The intrinsic value of an SSAR award is calculated as the in-the-money value, or difference between the base price of an SSAR and the closing stock price of $51.46 as of December 31, 2018, multiplied by the
 
number of shares subject to the SSAR. Mr. Thiry's SSARs included in the tables above had no intrinsic value as of December 31, 2018 because their base price exceeded the closing stock price on December 31, 2018. The intrinsic value of PSUs reflects the payouts actually achieved for PSUs associated with performance periods that have ended as of December 31, 2018 and the estimated payouts for PSUs associated with performance conditions still outstanding as of December 31, 2018, in each case with those shares valued at the closing stock price of $51.46 as of December 31, 2018. The intrinsic value of RSUs is calculated based on the closing stock price of $51.46 as of December 31, 2018.

36
 
 



Stockholder Interest Alignment
Our executive compensation is designed to reflect our pay-for-performance philosophy and to align the interests of our executives with the long-term interests of our stockholders. In 2018, our executives received all long-term incentive compensation in the form of equity compensation comprised of SSARs, RSUs and PSUs. We believe that long-term, capital-efficient growth is aligned with the creation of stockholder value
and that using adjusted earnings per share as a performance metric focuses executives on maximizing long-term stockholder value and imposes further discipline on the type of development and acquisition-driven growth that we evaluate and in which we invest. As a result, the Compensation Committee selected adjusted earnings per share as the performance metric for 75% of the PSUs granted to NEOs in 2018.
 
Relative total shareholder return ("Relative TSR") represents the performance metric for the remaining
25% of PSUs granted to NEOs in 2018. Relative TSR is measured by comparing the return on an investment in DaVita to an investment in the S&P 500 index.

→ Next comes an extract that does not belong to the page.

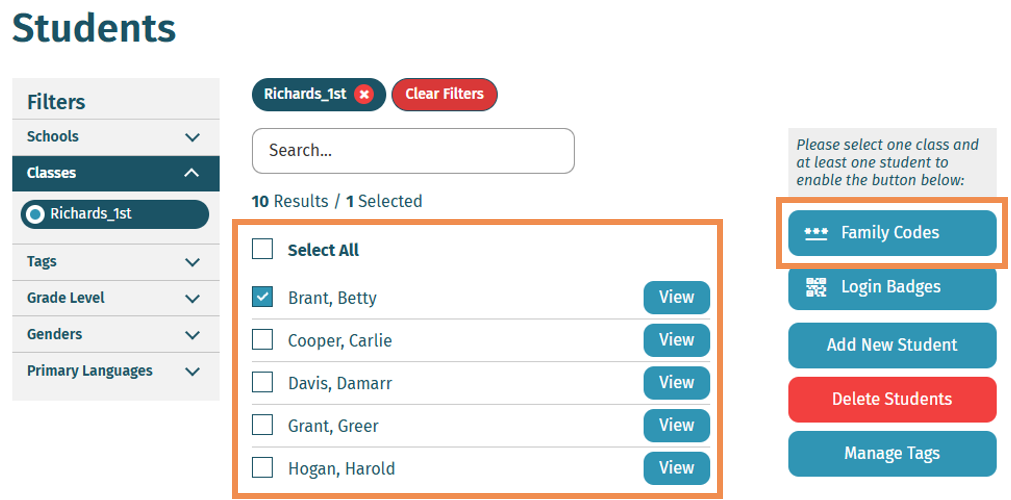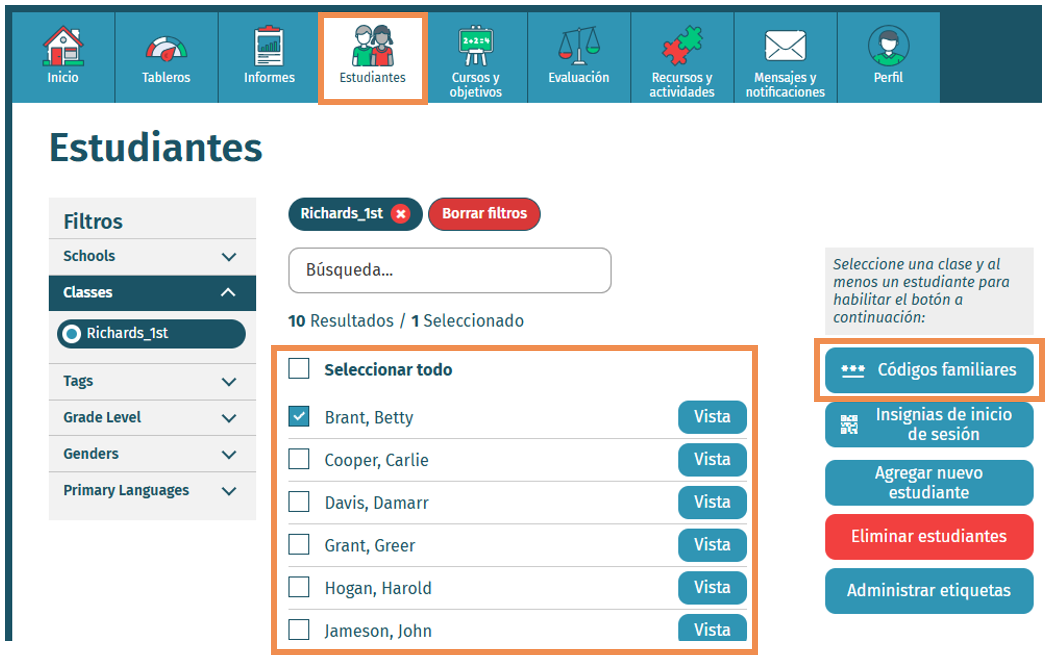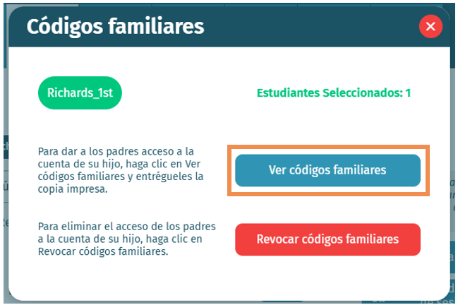 - Check the box to the right of the student(s) whose Family codes you would like to download in Spanish.

The CEO's equity mix is driven by ensuring 50% of the equity opportunity is in the form of PSUs tied to long term financial and Relative TSR performance. The other NEOs had, on average, 45% of their equity opportunity in the form of PSUs and on average 27% of their equity opportunity in the form of SSARs. As discussed further in subsection titled "—Elements of Compensation—Highlights of 2019 Executive Compensation Program" as part of changes for the 2019 annual executive compensation program, all of the NEOs received 50% of the value of their 2019 long-term incentive compensation in the form of PSUs.
The following charts illustrate the allocation of the annual equity awards among SSARs, PSUs and RSUs that the CEO and the other NEOs were granted with respect to their annual 2018 awards. In designing the 2018 executive compensation program, the Compensation Committee provided all of the CEO’s long-term incentive grants in the form of PSUs and RSUs rather than the prior mix of SSARs and PSUs. This change was made in order to further align the CEO’s compensation mix with market data and to supplement the retentive aspect of the program with RSUs in light of the fact that the CEO’s equity grants had been delivered entirely in the form of performance-based compensation (PSUs and/or SSARs) since 2014.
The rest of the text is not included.